- Thoggen main window
- Stable release: 0.7.1 / 12 June 2008
- Written in: C
- Operating system: Linux
- Type: DVD-Rip
- License: GPL-2.0-or-later
- Website: http://www.thoggen.net/
- Repository: thoggen.git.sourceforge.net/gitroot/thoggen/thoggen ;

= Thoggen =

Open source DVD ripper software

Thoggen is a DVD ripper for Linux within the GNOME project. It is based on GStreamer and GTK+. Thoggen can back up DVDs by re-encoding them using the Ogg Theora video codec.

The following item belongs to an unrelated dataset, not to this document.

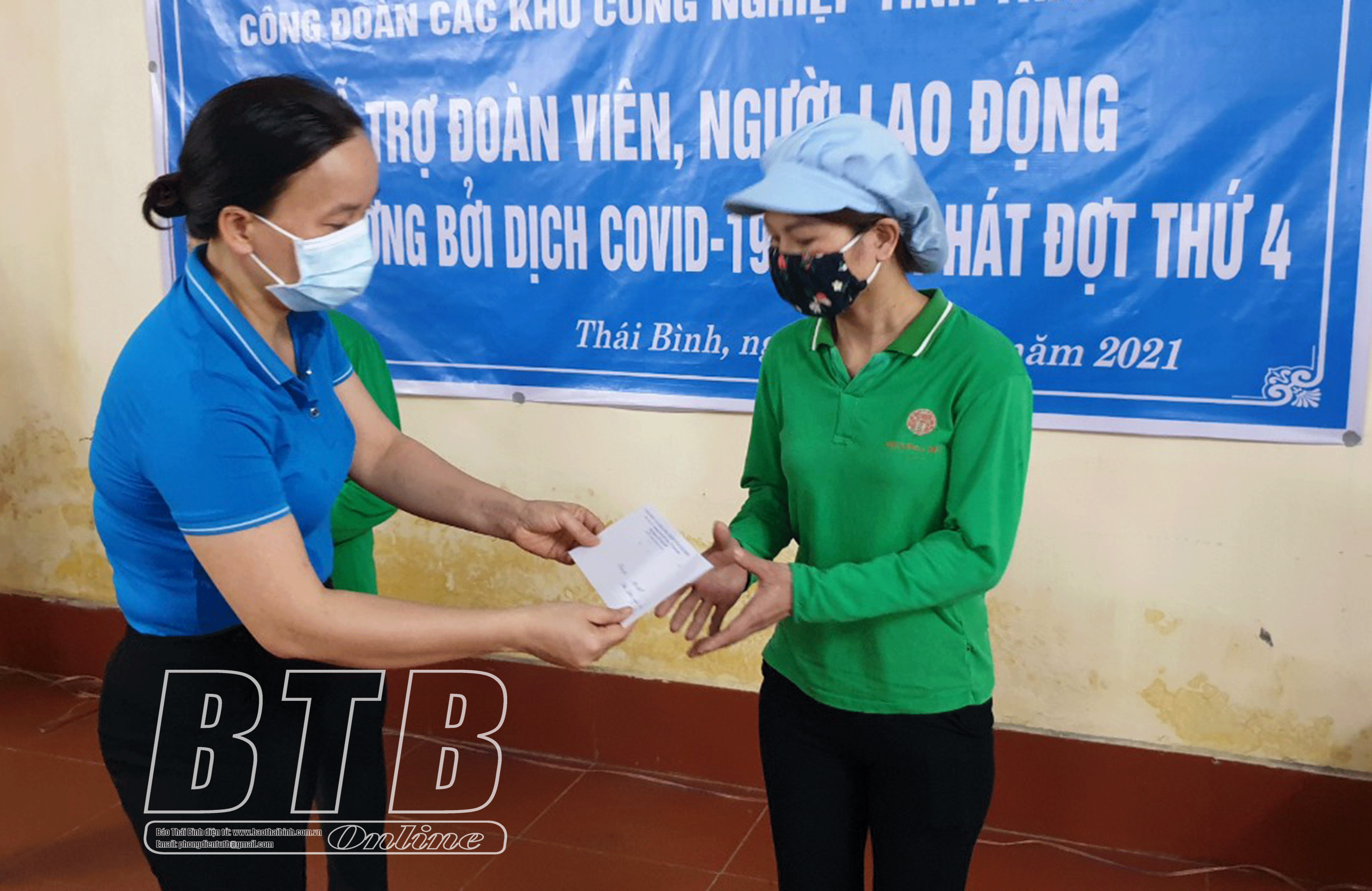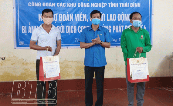 Công đoàn các khu công nghiệp tỉnh trao kinh phí hỗ trợ đoàn viên, người lao động bị ảnh hưởng bởi dịch Covid-19.

Thoggen aims to be easy and straightforward to use, by hiding complexity and offering sensible defaults.

== Features ==
- Encodes into Ogg/Theora video.
- Based on the GStreamer multimedia framework.
- Supports title preview, picture cropping and resizing.
- Language Selection for audio track.
- Can encode from local directory with video DVD files.

==Weaknesses ==
- Thoggen is slow.

The Theora implementation used is far from optimized, and at full DVD resolution, encoding can slow down to the single-digit frames-per-second count, meaning several hours are required."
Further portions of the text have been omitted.